Fresh cocoa fruit

Chocolate A Story to Tell

Talking about Chocolate would seem simple but it is not. A dry answer with no alternatives since for good or bad it always comes down to this exact formula!

For months now I have been curating a column about cocoa in Pastry International magazine. I have now decided to curate a similar column on my Blog as well, and I hope you will appreciate this editorial effort.

Therefore, in this first chapter we discuss cocoa, what the types are like and how they differ from each other, how the land and especially man affects its quality and organoleptic as well as gastronomic characteristics.

Much has been written about Chocolate and I am sure much more will still be written, yet reveries and maga Fache endure that are hard to scratch. With this cultural and virtual journey, I want to explore a really interesting topic the varieties of cocoa and its characteristics. Perhaps as we walk along we might give some answers to questions that have not yet been formulated but of great use, for those who in this Bean-to-Bar time might find them interesting and enlightening.

The Criollo

The Criollo! Waw it seems that only this cocoa today is used to make Chocolate! Well of this type in purity I can say that there is very little in the world, that is, in purity! But if to purity we concede genetic experimentation and various crosses then it changes! And by a lot.

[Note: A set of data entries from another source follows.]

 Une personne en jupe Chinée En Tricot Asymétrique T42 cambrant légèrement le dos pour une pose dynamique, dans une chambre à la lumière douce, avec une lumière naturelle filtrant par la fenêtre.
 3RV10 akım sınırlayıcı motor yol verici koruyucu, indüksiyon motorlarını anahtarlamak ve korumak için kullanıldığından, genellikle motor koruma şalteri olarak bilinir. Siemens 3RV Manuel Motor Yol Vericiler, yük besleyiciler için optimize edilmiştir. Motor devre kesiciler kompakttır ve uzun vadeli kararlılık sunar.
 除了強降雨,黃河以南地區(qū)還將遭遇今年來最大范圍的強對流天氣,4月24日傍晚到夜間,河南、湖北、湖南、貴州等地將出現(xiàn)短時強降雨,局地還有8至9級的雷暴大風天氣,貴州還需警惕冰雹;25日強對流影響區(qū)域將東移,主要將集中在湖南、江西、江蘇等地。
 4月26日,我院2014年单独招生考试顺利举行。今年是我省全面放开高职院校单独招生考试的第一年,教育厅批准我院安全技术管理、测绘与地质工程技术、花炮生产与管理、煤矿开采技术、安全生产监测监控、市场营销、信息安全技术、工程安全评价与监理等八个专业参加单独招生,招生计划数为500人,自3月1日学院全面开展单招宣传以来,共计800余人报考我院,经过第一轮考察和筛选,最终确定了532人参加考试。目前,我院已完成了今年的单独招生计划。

Criollo is that cocoa that; in the countries of origin of cocoa. That is, the Amazon Rainforest, the banks of the Orinoco River, and especially in the tropical area of Mexico it has been found naturally since time immemorial.

We are talking about delicate cocoa! Which produces fruits of different hues and tends to have little pigmentation, often more reddish pink than purple. A cocoa with few anthocyanins but rich in Catechins and Epicatechins, in some cases huge amounts.

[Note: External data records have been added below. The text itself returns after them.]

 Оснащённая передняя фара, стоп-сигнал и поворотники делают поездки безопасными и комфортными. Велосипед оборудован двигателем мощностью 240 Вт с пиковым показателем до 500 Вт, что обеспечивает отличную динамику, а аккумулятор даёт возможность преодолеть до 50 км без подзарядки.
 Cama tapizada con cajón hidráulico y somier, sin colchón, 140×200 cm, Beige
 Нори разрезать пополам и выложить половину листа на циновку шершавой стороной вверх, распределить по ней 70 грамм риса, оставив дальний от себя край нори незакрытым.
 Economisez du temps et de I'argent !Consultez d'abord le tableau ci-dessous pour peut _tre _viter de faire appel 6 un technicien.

This cocoa, if processed well, with proper post-harvesting and a good fermentation method can give excellent cocoa, with a delicate flavor profile and depending on variety and location, develop contrasting flavors ranging from red fruit to nuts such as almond or macadamia.

The most prized variety is Porcelana, a name derived from the immaculate white color of the broad beans. A cocoa that in its purest form is now found only in some of the nooks and crannies of Venezuela, but I would not be entirely sure or in the Amazonian stretch that runs through Venezuela, Colombia and Brazil, referred to as the Coca route but the well-known drink has nothing to do with it. – However, only a few hundred kilograms can be found in the world in pure and especially uncloned form and at a price that is also well over €20 per kilogram. In Mexico you can find varieties that are no longer pure, the result of grafting and floral clones that are now also called Bi-color, i.e., fruits with white fava beans pigmented with red or purplish color, we could call them Biodiversity, but I think much less romantic cocoa crossed at the genetic level from grafts. However, this, too, makes it interesting to constantly study varieties so that careful researchers like me can more enthusiastically investigate botanical variability, yet without getting lost in calling them magic but more pragmatically clonal and varietal experiments.

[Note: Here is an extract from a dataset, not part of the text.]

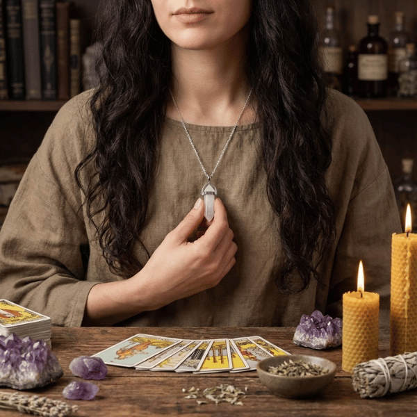 Twoja intencja skierowała energię prosto do Czakry Korony. To najwyższy punkt energetyczny człowieka. Kryształ Górski w formie szpicu działa tu jak antena. Jeśli Twoją intencją jest praca z kartami (Tarot, Wyrocznie), ten wisiorek jest absolutnie niezbędny. Trzymając go w dłoni przed tasowaniem kart, “zerujesz” swoją energię. Sprawiasz, że stajesz się czystym kanałem, przez który przepływają informacje, niezakłócone przez Twoje własne lęki czy nadzieje. To narzędzie, które zmienia wróżbę w proroctwo.

Criollo, however, does not dwell only in Latin America, perhaps in a completely unknown way there are real plantations, perhaps not exactly in purity, but in Tanzania (in the Mbingu community I found some really interesting Criollo Guasare) in Polynesia and in the Pacific Ocean. One question has always occurred to me, but in the Pacific Ocean, who brought the cocoa? That it was already there before the conquerors? That the fruit had arrived there floating and carried by the tides? I would not rule it out, given some really curious varieties that can be found in the Vanuatu archipelago and some islands in the Indian Ocean.

Almost pure Criollo also grows wild in Sri Lanka, but much is Criollo grafted with different varieties while still retaining the same physical characteristics, although the biochemical ones differ greatly, but we will only cover this in another article in a few months.

In Haiti there is a Criollino, a cocoa with very small fruits, consequently they are also very small the beans weigh at most 0.7 g per seed, but this cocoa for some reason has dark beans, very intense in flavor and often under the influence of underground fermentation and sometimes even the absence of proper fermentation but only empirical or approximate. But this, too, I will deal with when I get into the merits of the Island of Haiti.